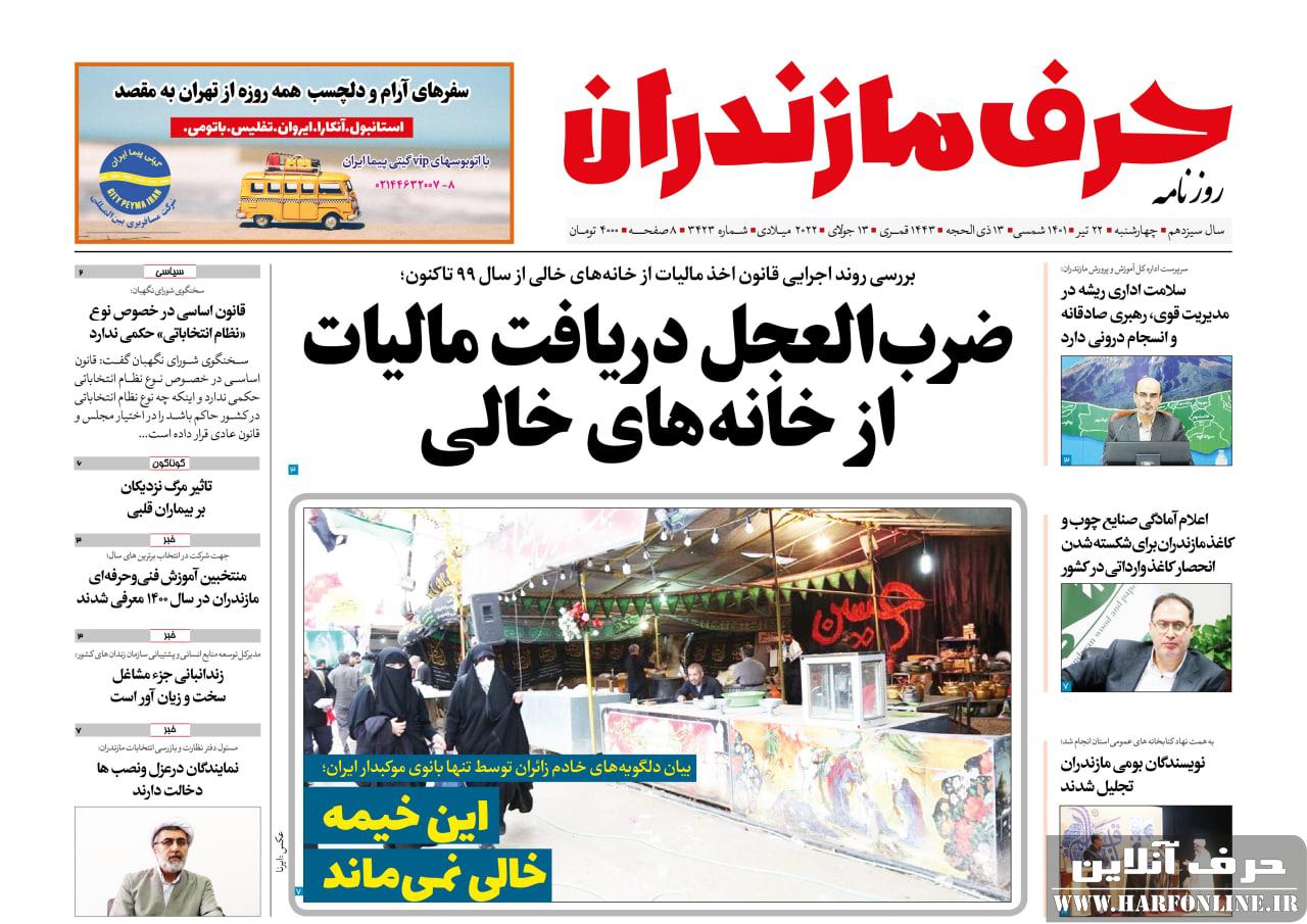 نسخه الکترونیک روزنامه حرف مازندران – چهارشنبه 22تیر-شماره 3423
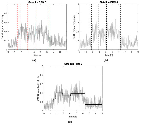 We show in Figure 9 the reflectivity measurements obtained with our GNSS-R receiver embedded on a gyrocopter. The surface reflectivity increases with the water content of the soil. Figure 9 shows the changes in the signal reflectivity associated to the reflections from land and from water bodies. In order to detect and localize water bodies, we apply an automatic segmentation of the signal using the reflectivity measurements based on the change detection and localization algorithms presented in the previous sections. Firstly, the changes in the reflectivity of the GNSS signal are detected with the Kalman-CUSUM algorithm (Figure 9a). Then, these changes are localized using the proposed MLLE approach (Figure 9b). Finally, the signal is divided into different segments associated to different mean reflectivity levels based on the localized change positions (Figure 9c).
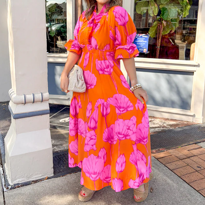 Paketet innehåller: 1* Elegant maxiklänning med rufsigt tryck för kvinnor
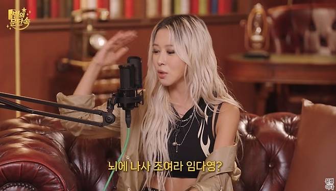 그런 가운데 꾸준히 운동하는 방법을 묻는 사연이 도착했다. 문별이 루틴을 공개해달라고 하자 다영은 "연구 결과를 하나 읽었다. 사람이 비속어를 쓰면 스트레스가 해소가 된다더라"라고 말문을 열었다. 이어 다영은 "근데 비속어를 쓰면 안 되지 않냐. 그래서 어떤 센 말이 있을까 생각했다. 만약 제가 과자가 먹고 싶으면 스스로 이 말을 읊는다. '뇌에 나사를 조이자'라고. 뇌에 나사가 풀렸다고 얘기하는데, 정신 차리란 뜻으로 말한다.
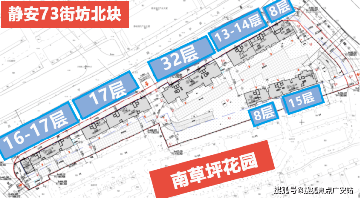 根据设计方案显示,北地块拟建5栋高层住宅,目前项目已结构封顶。
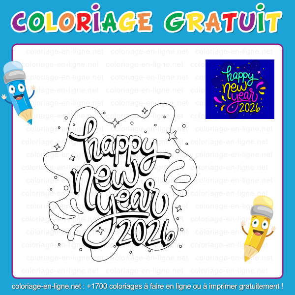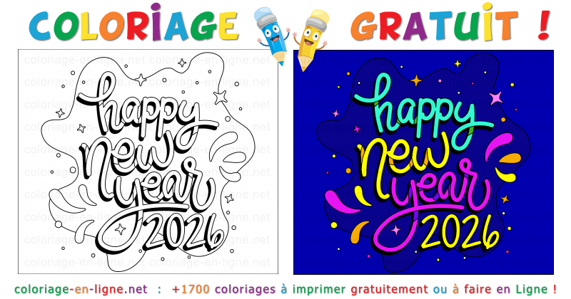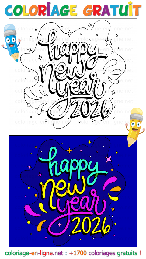 Sous un ciel bleu nuit comme celui du réveillon, les lettres de ce coloriage du nouvel an, semblent flotter dans l'air, rondes et entrelacées comme des bulles de fête. Elles se mêlent joyeusement, formant un message universel : "Happy New Year" signifie « Bonne année », ces mots que l'on échange à minuit, entre rires, embrassades et étoiles filantes.
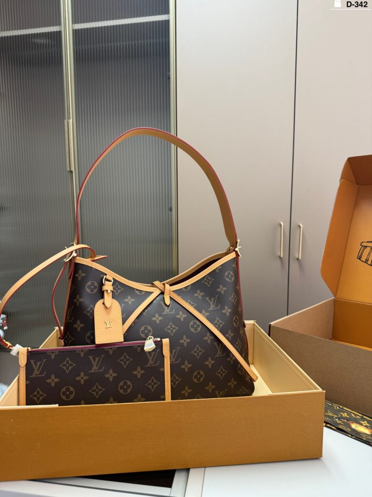 Lv carryall new shopping bag This bag is really beautiful. The essence of vintage is vividly reflected. The retro details inspired by archives are especially commendable. The detachable zipper clutch has crisp lines and rich classic design details. Show unique charm D-342 Size 27.13.22 Folding
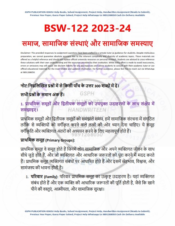 | Product | IGNOU BSW-122 Solved Assignment 2023-24 Hindi Medium |
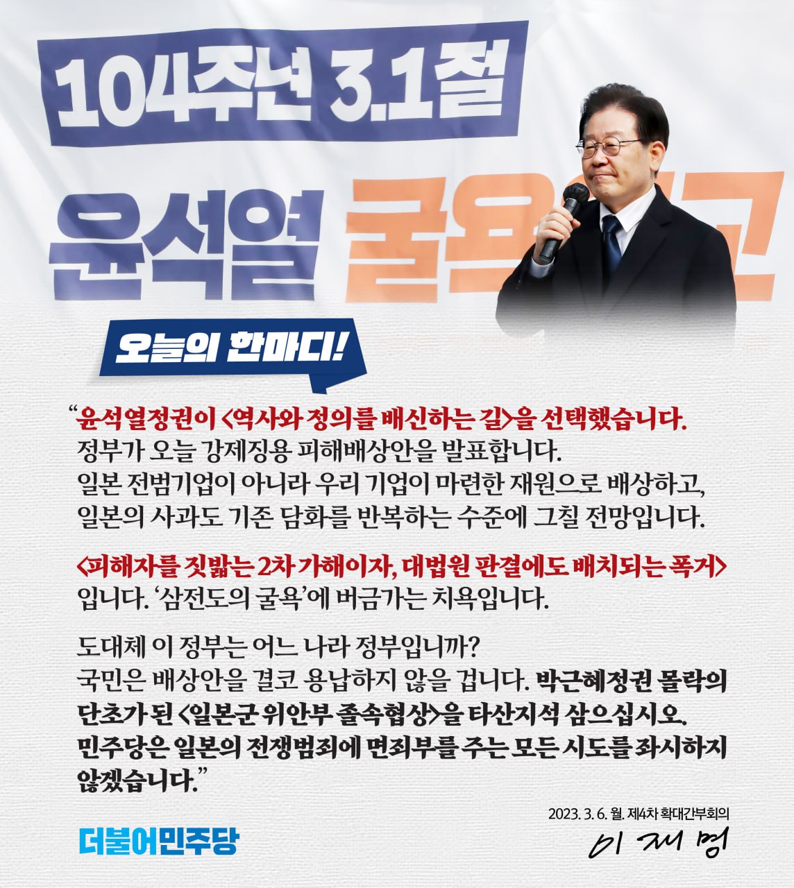 윤석열정권 치욕적 '강제징용 셀프배상' 이완용의 부활인가!
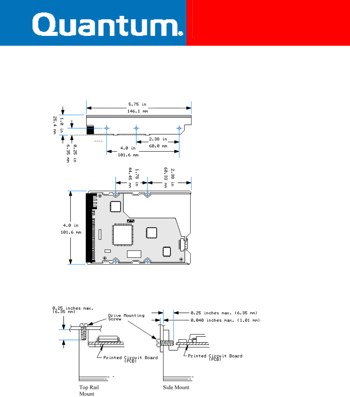 The mounting holes on Quantum 3.5-inch form factor hard disk drives allow the drive to be mounted in any
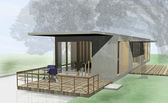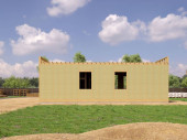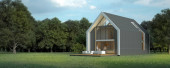 Komercyjny budynek publiczny lub pawilon z dachem dwuspadowym. Nowoczesna, kreatywna fasada ze szklaną grupą wejściową i drewnianymi ścianami listew. Odbiór. 3d renderowanie
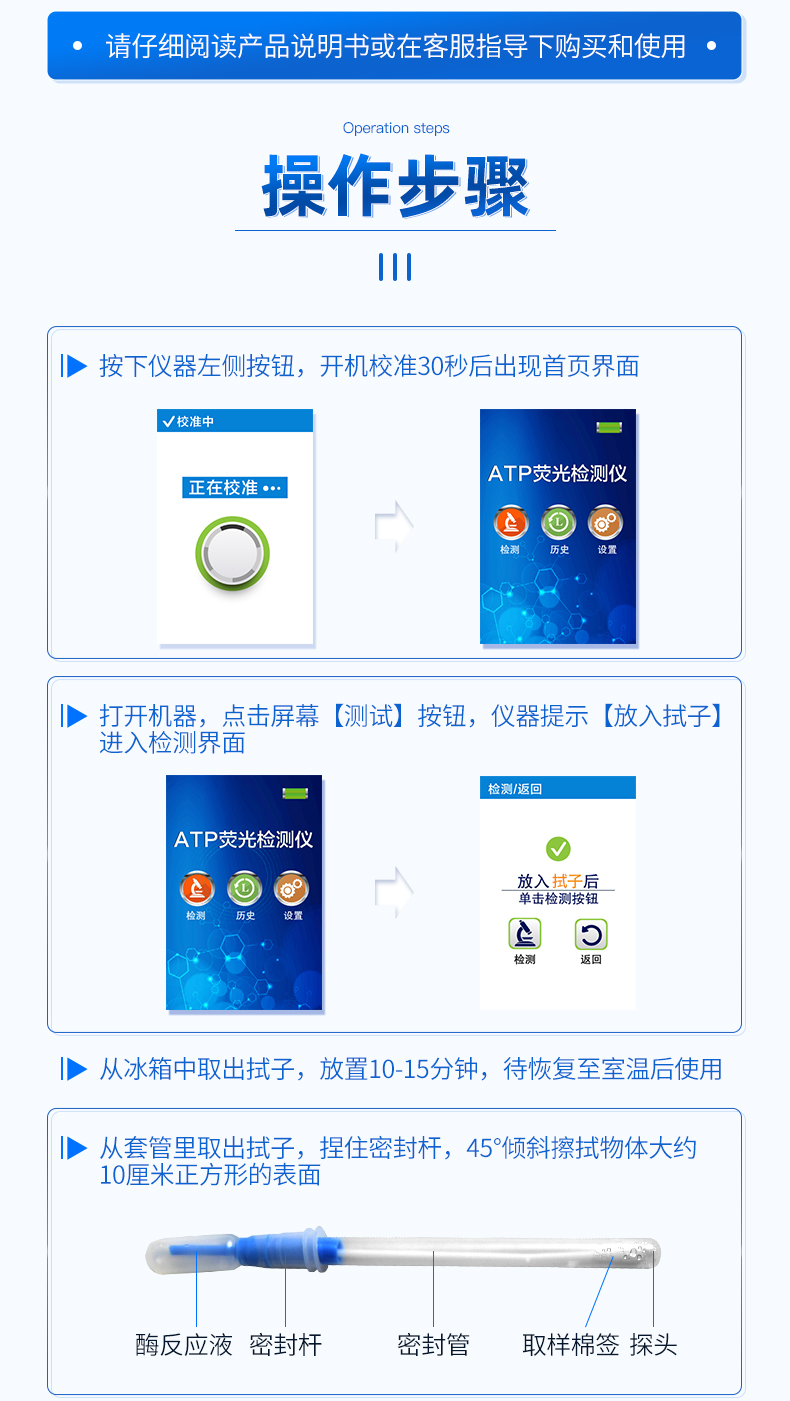 該設(shè)備為全新升級(jí)產(chǎn)品,大屏幕觸摸顯示屏,代替?zhèn)鹘y(tǒng)按鍵。操作采用生物化學(xué)反應(yīng)方法檢測(cè)ATP含量,ATP熒光檢測(cè)儀基于螢火蟲(chóng)發(fā)光原理,利用“熒光素酶—熒光素體系”快速檢測(cè)三磷酸腺苷(ATP)。ATP拭子含有可以裂解細(xì)胞膜的試劑,能將細(xì)胞內(nèi)ATP釋放出來(lái),與試劑中含有的特異性酶發(fā)生反應(yīng),產(chǎn)生光,再用熒光照度計(jì)檢測(cè)發(fā)光值,微生物的數(shù)量與發(fā)光值成正比,由于所有生物活細(xì)胞中含有恒量的ATP,所以ATP含量可以清晰地表明樣品中微生物與其他生物殘余的多少,用于判斷衛(wèi)生狀況。
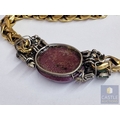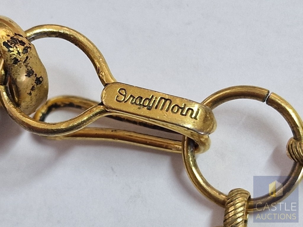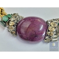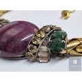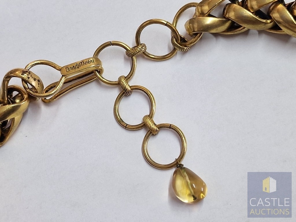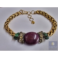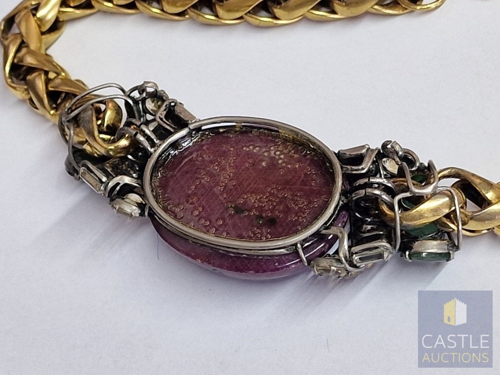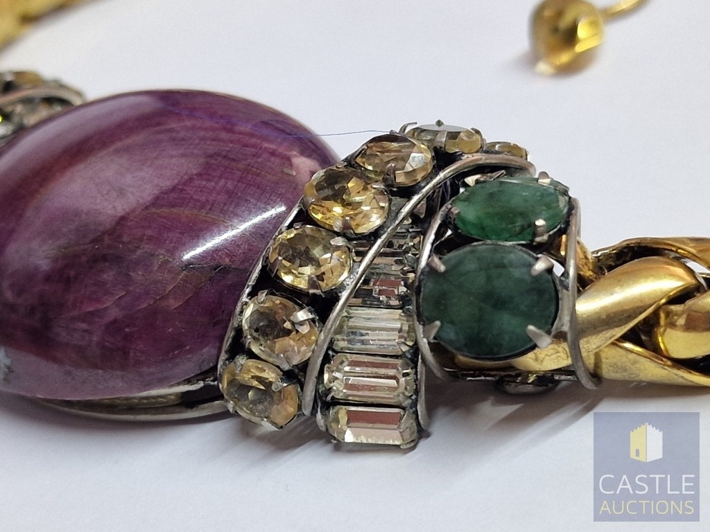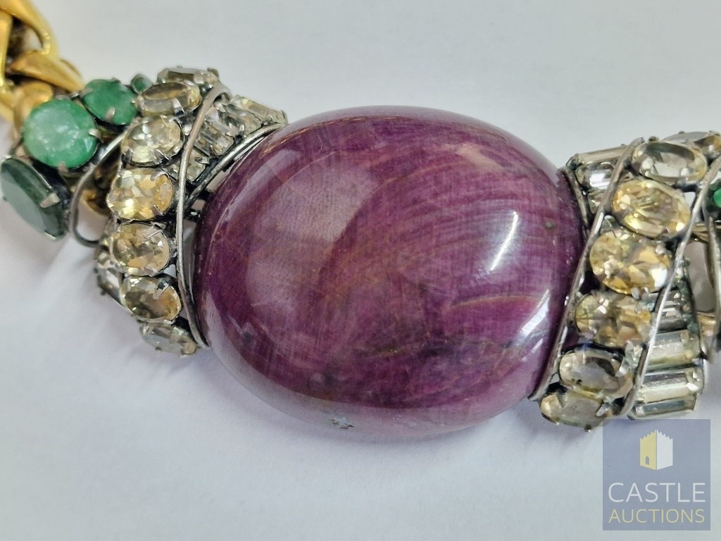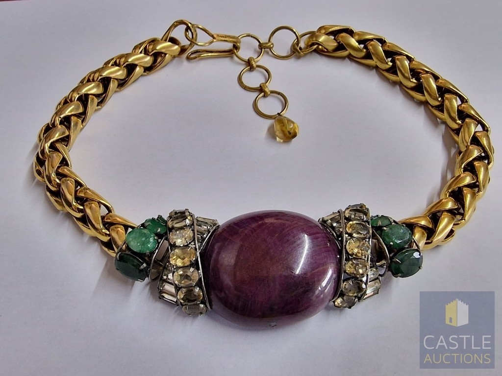 'Iradj Mioni' Statement Necklace, from New York Based Iranian Designer, with Large Cabochon Centre Stone, Flanked by Green and Clear Stones on Substantial Gilt Metal Necklace, (Approx. Total Weight 280g, L: 43-50cm, Main Stone 48 x 38 x 13mm Overall)
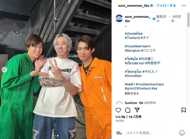 Snow Manの冠番組『それSnow Manにやらせて下さい』(TBS系)の公式Instagramに、メンバーの向井康二と阿部…
• • • • •
Leaving out all pictures, set down exactly the lines of the material above, from the line with "윤석열정권 치욕적 '강제징용 셀프배상' 이완용의 부활인가!" to the line with "該設(shè)備為全新升級(jí)產(c" inclusive, and no others.

 윤석열정권 치욕적 '강제징용 셀프배상' 이완용의 부활인가!
 The mounting holes on Quantum 3.5-inch form factor hard disk drives allow the drive to be mounted in any
 Komercyjny budynek publiczny lub pawilon z dachem dwuspadowym. Nowoczesna, kreatywna fasada ze szklaną grupą wejściową i drewnianymi ścianami listew. Odbiór. 3d renderowanie
 該設(shè)備為全新升級(jí)產(chǎn)品,大屏幕觸摸顯示屏,代替?zhèn)鹘y(tǒng)按鍵。操作采用生物化學(xué)反應(yīng)方法檢測(cè)ATP含量,ATP熒光檢測(cè)儀基于螢火蟲(chóng)發(fā)光原理,利用“熒光素酶—熒光素體系”快速檢測(cè)三磷酸腺苷(ATP)。ATP拭子含有可以裂解細(xì)胞膜的試劑,能將細(xì)胞內(nèi)ATP釋放出來(lái),與試劑中含有的特異性酶發(fā)生反應(yīng),產(chǎn)生光,再用熒光照度計(jì)檢測(cè)發(fā)光值,微生物的數(shù)量與發(fā)光值成正比,由于所有生物活細(xì)胞中含有恒量的ATP,所以ATP含量可以清晰地表明樣品中微生物與其他生物殘余的多少,用于判斷衛(wèi)生狀況。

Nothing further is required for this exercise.